Une autre catastrophe humanitaire se profile au Yémen

Le Yémen a annoncé vendredi un premier cas de contamination au nouveau coronavirus, faisant craindre des répercussions catastrophiques en cas de propagation de l’épidémie.
Photo: Mohammed Huwais Agence France-Presse Le Yémen a annoncé vendredi un premier cas de contamination au nouveau coronavirus, faisant craindre des répercussions catastrophiques en cas de propagation de l’épidémie.

Le Yémen, pays en proie à une grave crise humanitaire due à la guerre, a annoncé vendredi un premier cas de contamination au nouveau coronavirus, faisant craindre aux ONG des répercussions catastrophiques en cas de propagation de l’épidémie.

Un cessez-le-feu décrété unilatéralement à partir de jeudi par la coalition militaire menée par l’Arabie saoudite, alliée du pouvoir au Yémen, ne semblait pas tenir, des frappes aériennes ayant visé des cibles des rebelles Houthis quelques heures après son entrée en vigueur, selon des sources des belligérants. En décrétant cette trêve avant l’annonce du premier cas au Yémen, Riyad a dit espérer qu’elle permettrait de lutter contre la maladie dans ce pays pauvre menacé également par la famine, frappé par des épidémies de dengue et de choléra et qui souffre d’un système de santé en déliquescence.

Le conflit déclenché en 2014 entre pouvoir et rebelles soutenus par l’Iran, a fait des dizaines de milliers de morts, essentiellement des civils, selon des ONG, et provoqué la pire crise humanitaire au monde avec 24 millions de Yéménites dépendant des aides d’après l’ONU.

Sous-équipés face au virus

« Le premier cas confirmé de nouveau coronavirus a été recensé dans la province de Hadramout (Sud) », a indiqué sur Twitter la commission gouvernementale sur la pandémie. La personne contaminée dans la localité de Chahr reçoit des soins médicaux et son état est stable, a précisé ce comité, dirigé par le gouvernement du président Abd Rabbo Mansour Hadi, reconnu par la communauté internationale. Vendredi, un couvre-feu de 24 heures a été imposé à Chahr et ses environs. Toutes les personnes ayant été en contact avec le patient sont recherchées pour être isolées, a indiqué l’Organisation mondiale de la santé (OMS) sur Twitter.

« C’est le moment que nous craignions tous, car le Yémen est sous-équipé face au virus, avec seulement la moitié des établissements de santé encore opérationnels », a déploré de son côté Xavier Joubert, directeur de l’ONG Save the Children au Yémen. Il décompte 700 lits disponibles en unité de soins intensifs et 500 ventilateurs pour une population de quelque 30 millions de personnes.

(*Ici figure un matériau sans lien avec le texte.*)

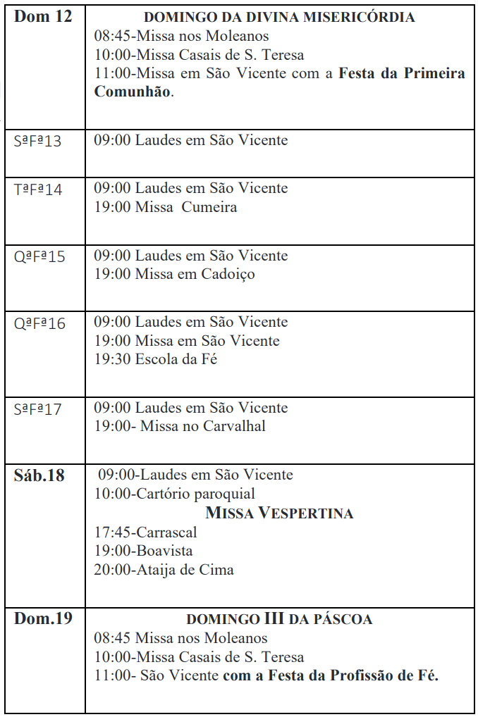 Fique a par de todos os serviços que vão ocorrer esta semana na Paróquia de Aljubarrota.

« Ce qui nous inquiète aussi, c’est […] qu’il n’y a pas beaucoup de tests [500 disponibles actuellement] et de centres » pour les faire, a appuyé Yann Josses, coordinateur de Médecins du Monde au Yémen dans un entretien à l’AFP. « On s’attend à une catastrophe humanitaire, avec plusieurs millions de personnes infectées. »

Sur le front militaire, quelques heures seulement après l’entrée en vigueur du cessez-le-feu, plusieurs frappes ont visé « des véhicules appartenant aux Houthis » dans les provinces de Jawf (Nord) et Hajjah, près de la capitale Sanaa, selon une source militaire proche du gouvernement. Des affrontements ont également éclaté entre les Houthis et les forces loyalistes dans les provinces de Jawf et de Marib (Nord), a-t-elle ajouté.